UPDATE (May 28, 2021)

I attempted to find solutions bigger than $n = 3011$, but found none! I rewrote my program in C using GMP and ran it on AWS with 96 cores. The following table summarises my results for all known complete factorizations of $10^n+1$ for $n > 3011$. For each $n$ the search was up to $d$ for the given ratio $\frac{d}{n}$. Note that a ratio of $\mathbf{2.3}$ corresponds to the expected number of primes in the range $[10^n,10^n+2.3n] = 1$, a ratio of $\mathbf{96}$ corresponds to the current record prime gap (of $8350$ for an $87$ digit prime number), and a ratio of $\mathbf{6.9}$ corresponds to the biggest solution I found: $n=3011, d=20690$.
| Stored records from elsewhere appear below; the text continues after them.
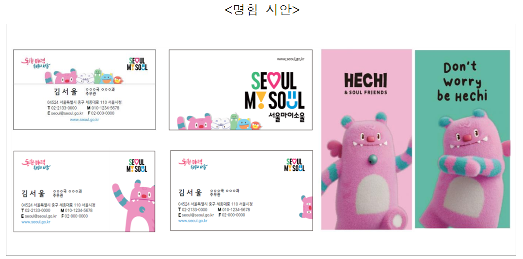 '돈워리 비 해치'라는 슬로건과 함께 생동감 넘치는 색채감을 강조했으며, 해치와 서울의 상징적 이미지를 현대적으로 재해석했다. 또한 명함 하단이나 측면에 배치된 해치&소울프렌즈 캐릭터는 기존 관공서 명함의 경직된 이미지에서 벗어나 시민들에게 더욱 친숙하게 다가갈 수 있도록 했다.
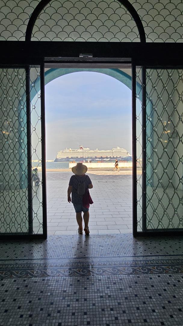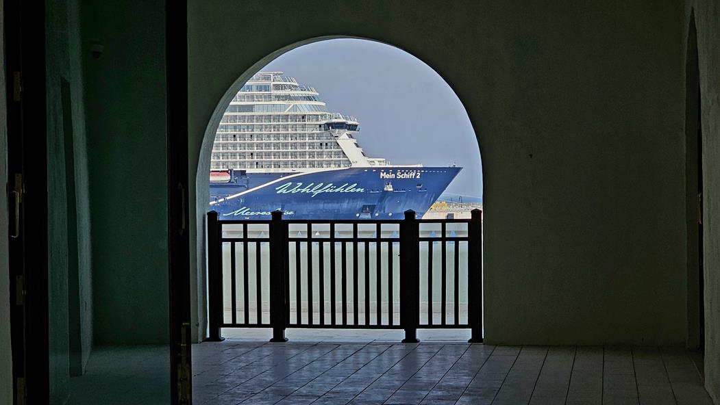 Wir schlendern durch das malerische Viertel mit idyllischen Kopfsteinpflasterstraßen und pastellfarbenen Gebäuden. Gegenüber der Promenade liegt die Mein Schiff 2, von hier haben wir einen klasse Blick auf unser Schiff.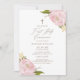 Watercolor Pink Peonies First Holy Communion Invitation. Customisable pink first communion invitation featuring elegant script, watercolor illustrations of blush pink peonies, baby's breath, twigs, foliage and wreath. This floral invitation is perfect for spring, summer and garden first communions. Matching items are available.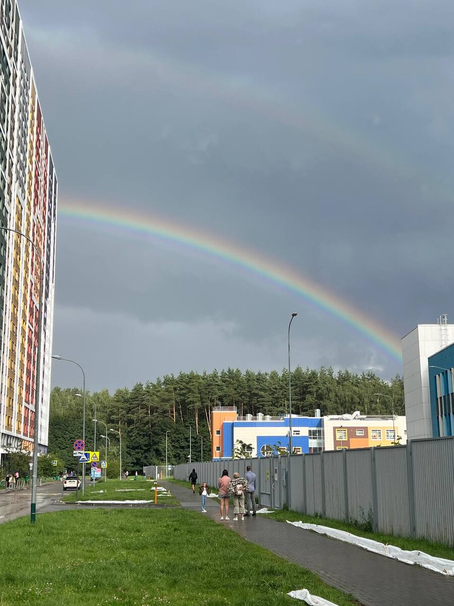 У нас на районе заработала фабрика по производству радуги 😂 каждый день выдает, иногда по две на дню! А вчера даже двойная была, наверное, новый образец отрабатывали 😀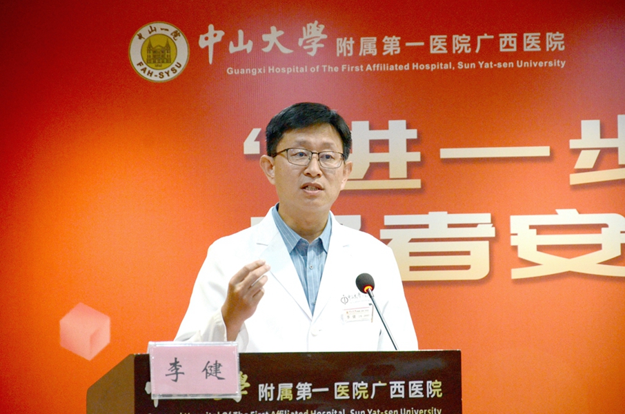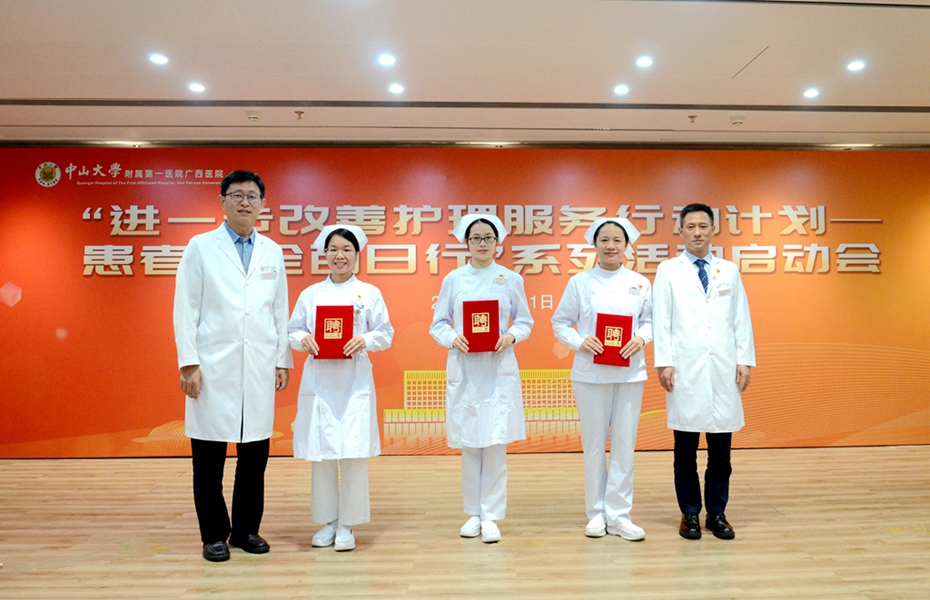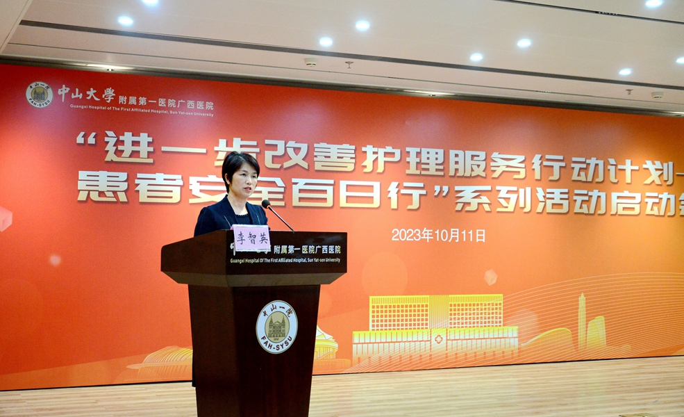 (自治区人民医院东院)(简称中山一院广西医院)护理部召开“进一步改善护理服务行动计划——患者安全百日行”系列活动启动会。我院执行院长李健,党委副书记、纪委书记赖伟忠,副院长杨超、夏文豪、龙胜泽以及相关职能科室负责人、病区主任、护士长、业务骨干等参加。会议由护理部主任李智英主持。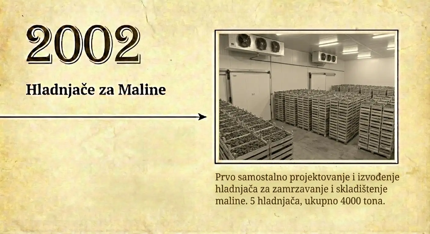 Prvo samostalno projektovanje i izvođenje hladnjača za zamrzavanje i skladištenje maline. 5 hladnjača, ukupno 4000 tona.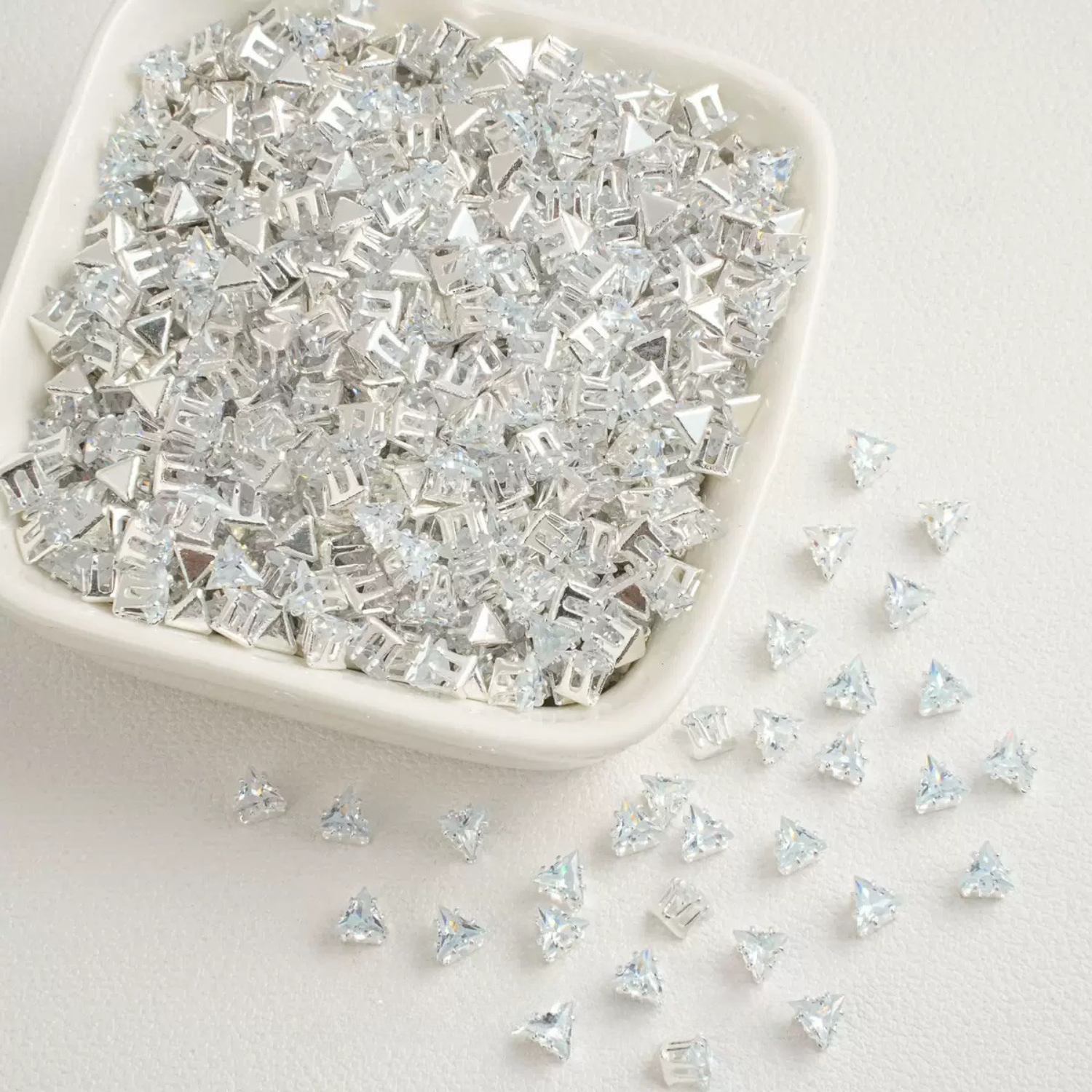 γA17γ50pcs Triangle Zircon Beads β 4mm Silver-Claw DIY Spacer for Handmade Jewelry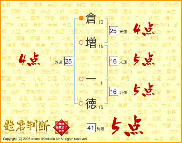 生活面を象徴する運勢です。外部から受ける影響力を表し、結婚運、家庭運や職場、環境への順応性を表します。総運から人運を引いた画数。姓や名が1文字の場合を除く。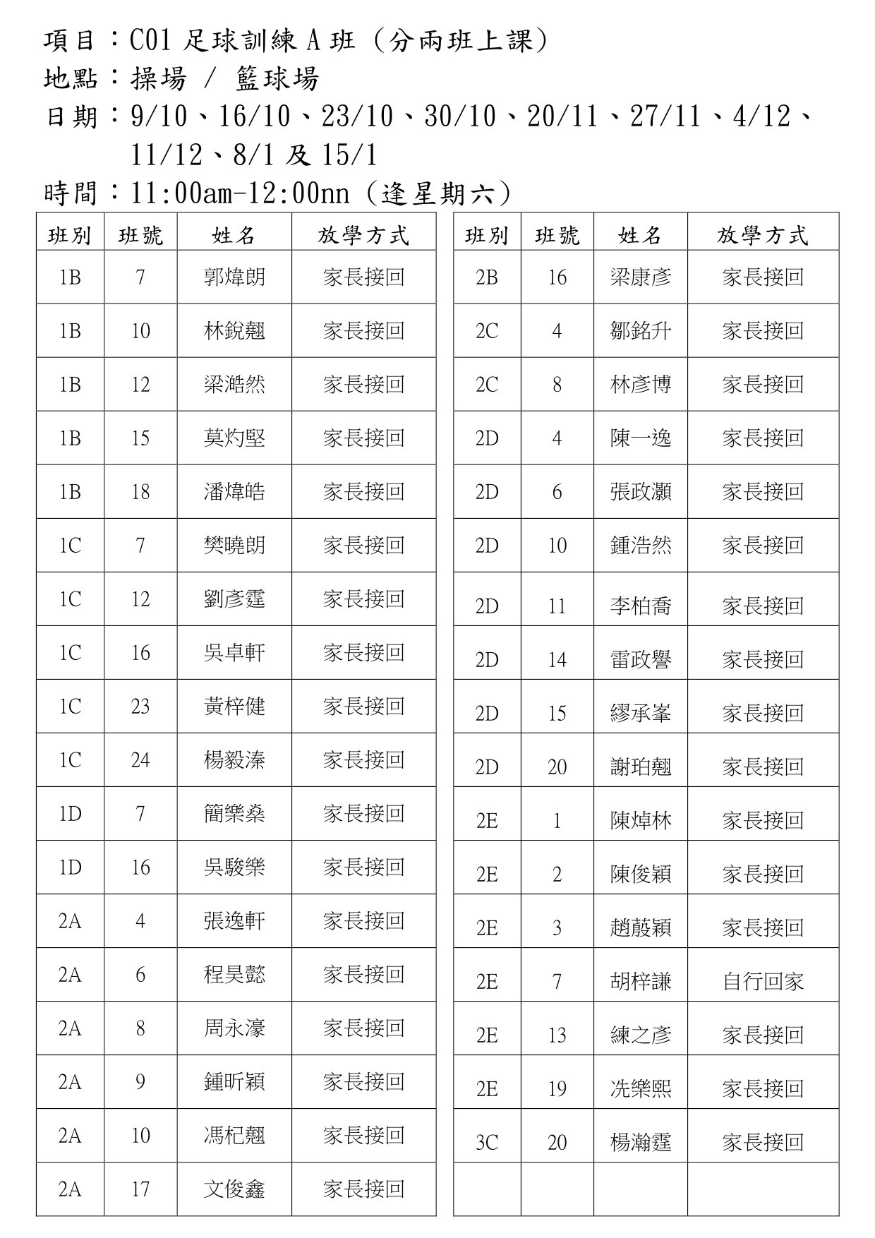 C01足球訓練A班(操場或籃球場)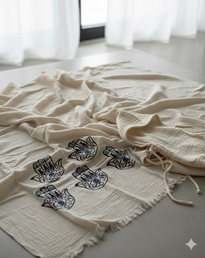 Musselin Sauna- & Strandtuch | 100% Bio-Baumwolle | Hamsa-Motiv
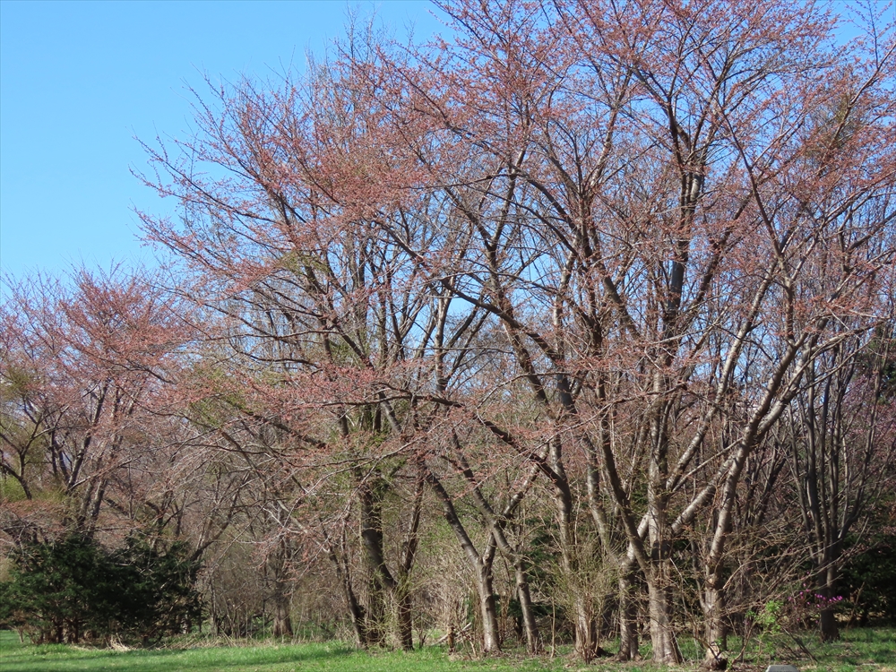 今日の開花状態は、日当たりの良い場所にあるエゾヤマザクラ数本が八分咲きでした。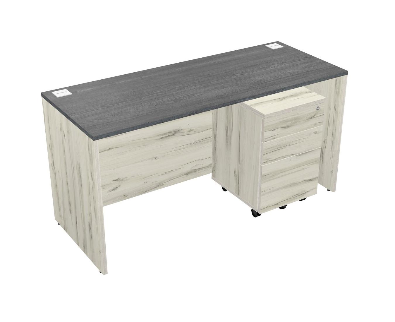 Grey Rectangular Office Desk Plus Heinne Holz Wooden Mobile Drawers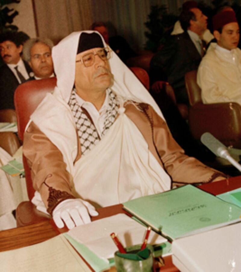 Just six months after the Lockerbie bombing, Gaddafi dons a white glove to avoid touching the “blood-stained hands” of fellow Arab leaders at a conference in Algiers in June 1988. Elsewhere at the conference, he pulls a white sheet over his body as a screen while Jordan’s King Hussein speaks; refuses to shake the hand of Moroccan King Hassan II; tans and sips coffee instead of listening to speeches one afternoon; delivers a speech railing against his colleagues as “imperialist lackeys;” and skips a summit dinner without even bothering to offer an excuse.

\begin{array}{r|l} n & \frac{d}{n} \\ \hline <22292 & 100 \\ 22292 & 21 \\ 22303 & 10 \\ 23592 & 53 \\ 23734 & 3 \\ 26014 & 10 \\ 32962 & 10 \\ 46957 & 3 \\ 47248 & 12 \\ 64439 & 1.0 \\ 80363 & 1.0 \\ 95594 & 1.0 \\ 103624 & 1.0 \\ 132586 & 1.0 \\ ^*180178 & 0.10 \\ ^*268207 & 0.10 \\ ^*1600787 & - \\ \hline \end{array}

$^*$For the last three values of $n$ the largest prime factor is a probable prime. I did not analyse the last value, because I estimate that a single calculation of $x^y$ mod $z$ with 1600000 digit numbers would take about 70 hours.

UPDATE (June 11, 2021)

The largest known solutions, $x$ and $x+d$, have been certified using Primo and recorded in factordb.com - search for primes with 3011 digits.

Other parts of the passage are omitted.